Kan Damarları Kesilince!!
70'li yıllar, ülkede şiddet ve terörün tüm azgınlığı ile devam ettiği yıllardı. Dönemin şartlarını, iliklerine kadar yaşamış bir insanım. Buna rağmen, fikir ve düşünce adına en verimli geçirdiğim yıllardır diyebilirim.
Aslında, biraz garip gelebilir insana bu durum. Bir yanda ülkeyi baştanbaşa saran şiddet ve terör ortamının içinde olacaksınız, bir yandan da fikir ve düşünce namına en verimli yıllarınızı yaşayacaksınız.

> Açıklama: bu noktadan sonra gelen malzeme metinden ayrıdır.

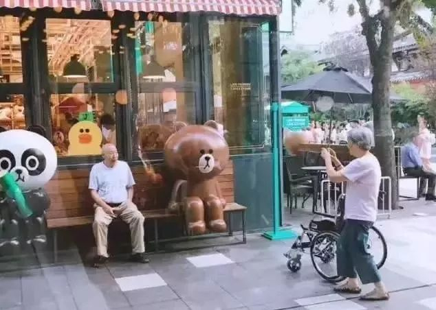 2017年7月,成都太古里。老奶奶正为腿脚不便的爷爷拍照。简单的三张照片,令人动容,所谓的白头偕老,大概就是这样吧...
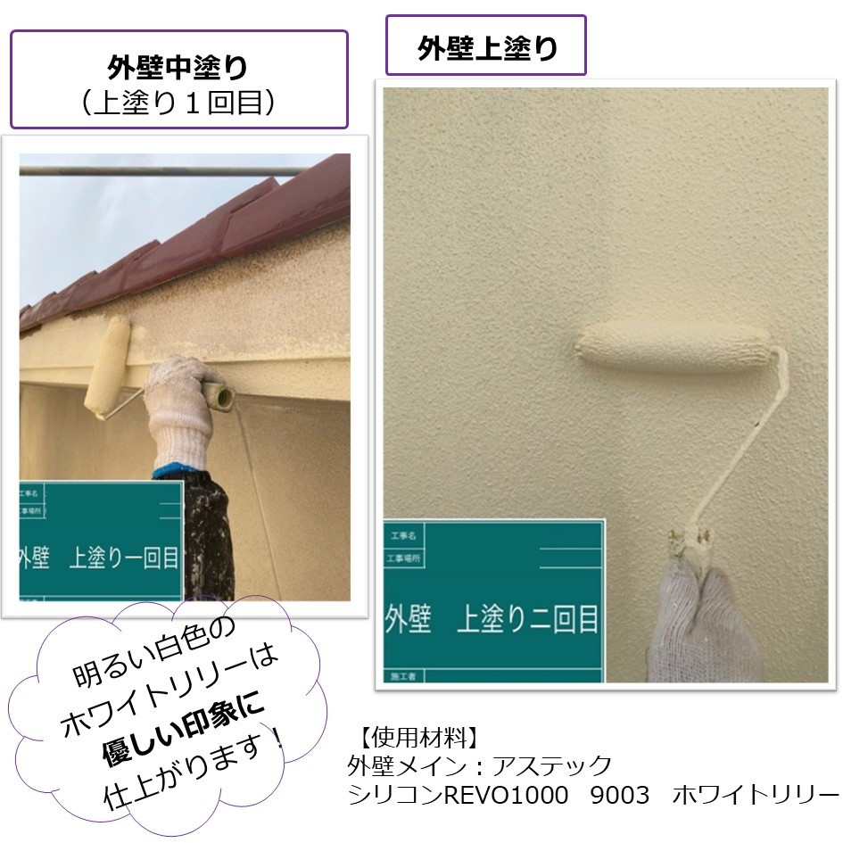 シリコンREVO1000は特殊な三重構造のアクリルシリコンを使用しており、一般的な塗料よりも強靭な層でコーティングされているため、塗膜表面に汚れが付着しにくいという特徴をもっています😊

Konuyu biraz açmak istiyorum.
70'li yılların yarıdan fazlasını İstanbul'da geçirdim. Fikirtepe Atatürk Eğitim Enstitüsünde okuyorum. Fikirtepe, Osmanlı padişahlarının ilim sohbetlerine katıldığı bir semtin ismi. Bu yönüyle tarihi bir mirası var.
Atatürk Eğitim Enstitüsü, işte bu Fikirtepe'nin kadim tarihi üzerine kurulmuş bir yüksekokul idi. Milli Eğitime en nadide öğretmenler bu okuldan yetişirdi. Ankara Gazi ve Fikirtepe Atatürk Eğitim Enstitüsü fikir, sanat ve ilim hayatına çok sayıda kıymetli isim kazandırmıştır.
Pedagoji bölümü vardı. Belli süre öğretmenlik yapmak şartıyla, bu bölüme giriyordunuz. Milli Eğitim müfettişleri bu bölümden çıkardı. Fikirtepe'nin pedagoji bölümü, ilim sahibi devasa hocalarıyla ünlüydü.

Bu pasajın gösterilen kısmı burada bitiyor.